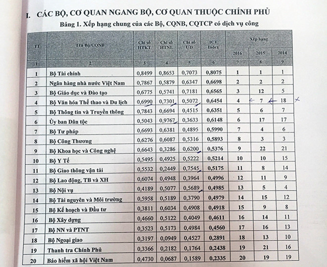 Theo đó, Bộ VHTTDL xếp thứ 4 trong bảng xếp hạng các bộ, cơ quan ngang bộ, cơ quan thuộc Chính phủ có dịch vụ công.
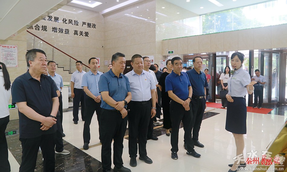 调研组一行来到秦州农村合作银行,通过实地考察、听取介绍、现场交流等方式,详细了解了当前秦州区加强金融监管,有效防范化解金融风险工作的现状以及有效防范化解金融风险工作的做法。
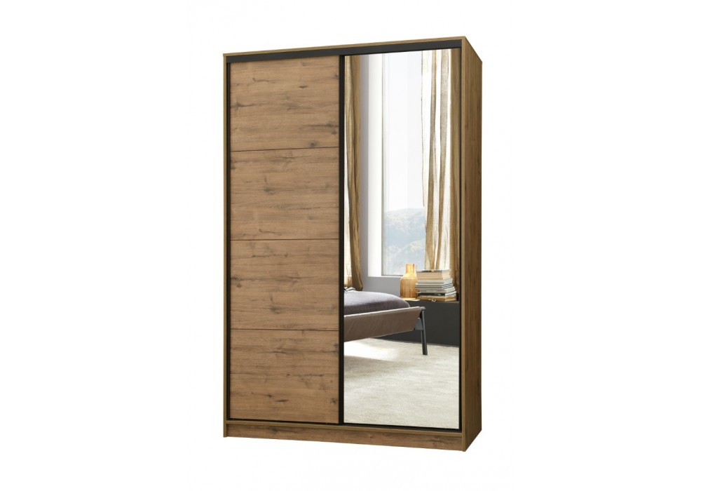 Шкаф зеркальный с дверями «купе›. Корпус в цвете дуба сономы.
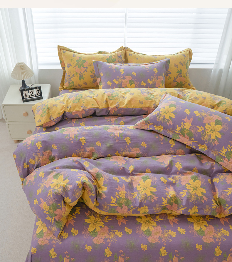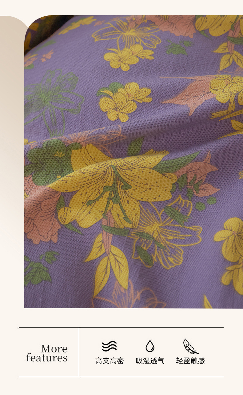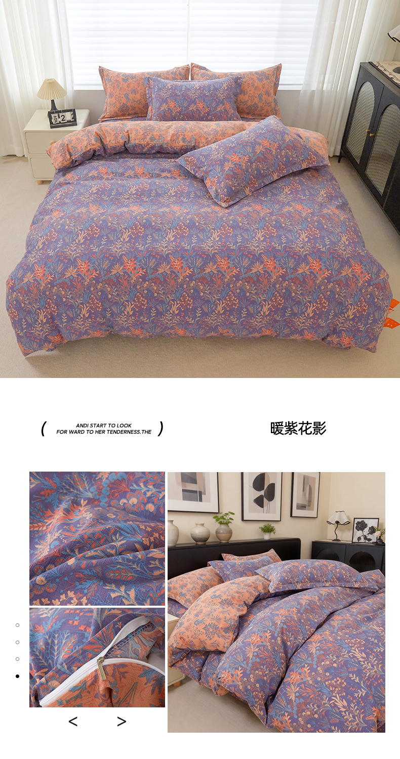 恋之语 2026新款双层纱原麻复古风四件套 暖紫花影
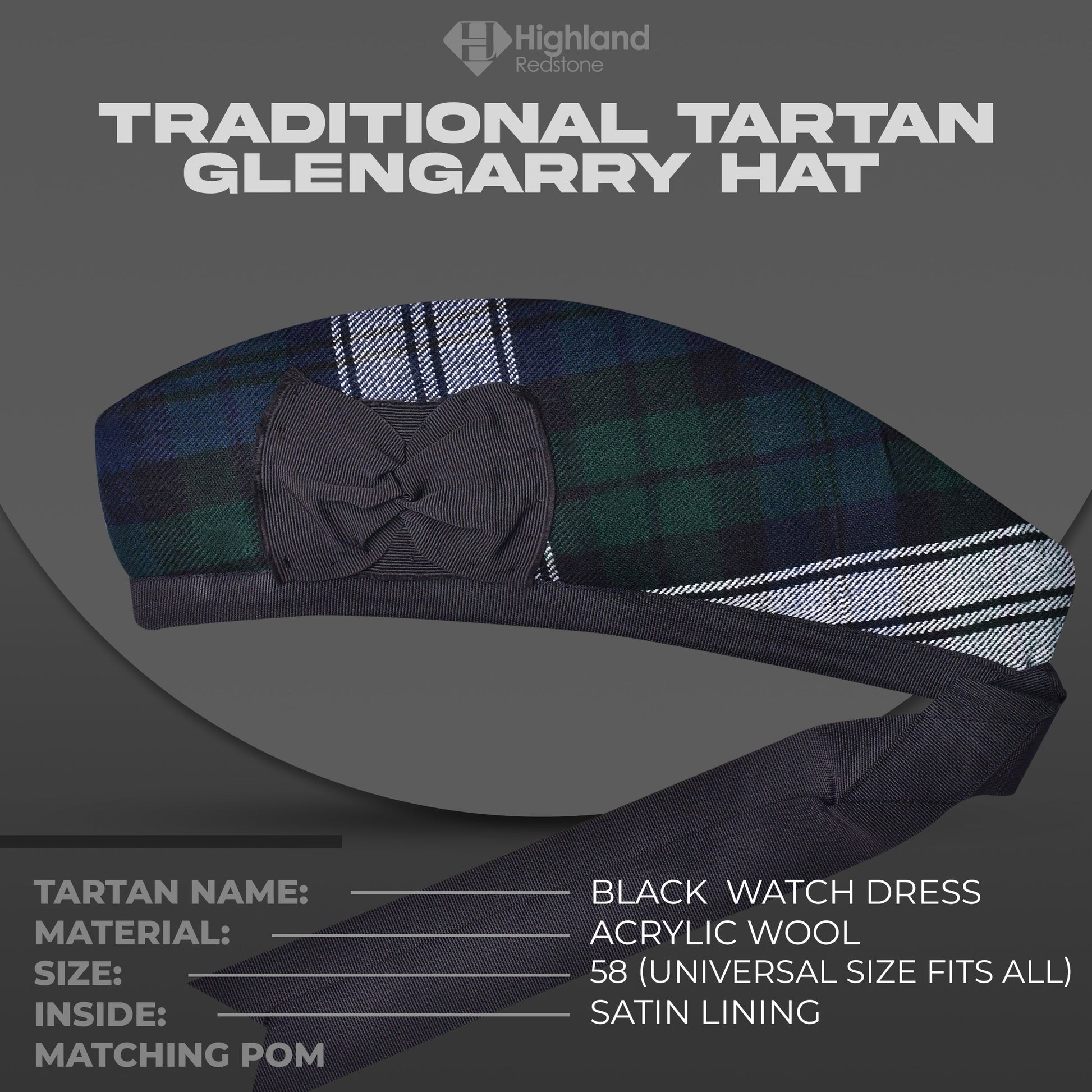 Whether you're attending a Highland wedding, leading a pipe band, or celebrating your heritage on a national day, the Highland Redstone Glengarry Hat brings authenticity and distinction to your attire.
____________
**What needs to be done**. The expected answer is the full listing above, transcribed exactly and without pictures.

**Output for this exercise**.
 Theo đó, Bộ VHTTDL xếp thứ 4 trong bảng xếp hạng các bộ, cơ quan ngang bộ, cơ quan thuộc Chính phủ có dịch vụ công.
 调研组一行来到秦州农村合作银行,通过实地考察、听取介绍、现场交流等方式,详细了解了当前秦州区加强金融监管,有效防范化解金融风险工作的现状以及有效防范化解金融风险工作的做法。
 Шкаф зеркальный с дверями «купе›. Корпус в цвете дуба сономы.
 恋之语 2026新款双层纱原麻复古风四件套 暖紫花影
 Whether you're attending a Highland wedding, leading a pipe band, or celebrating your heritage on a national day, the Highland Redstone Glengarry Hat brings authenticity and distinction to your attire.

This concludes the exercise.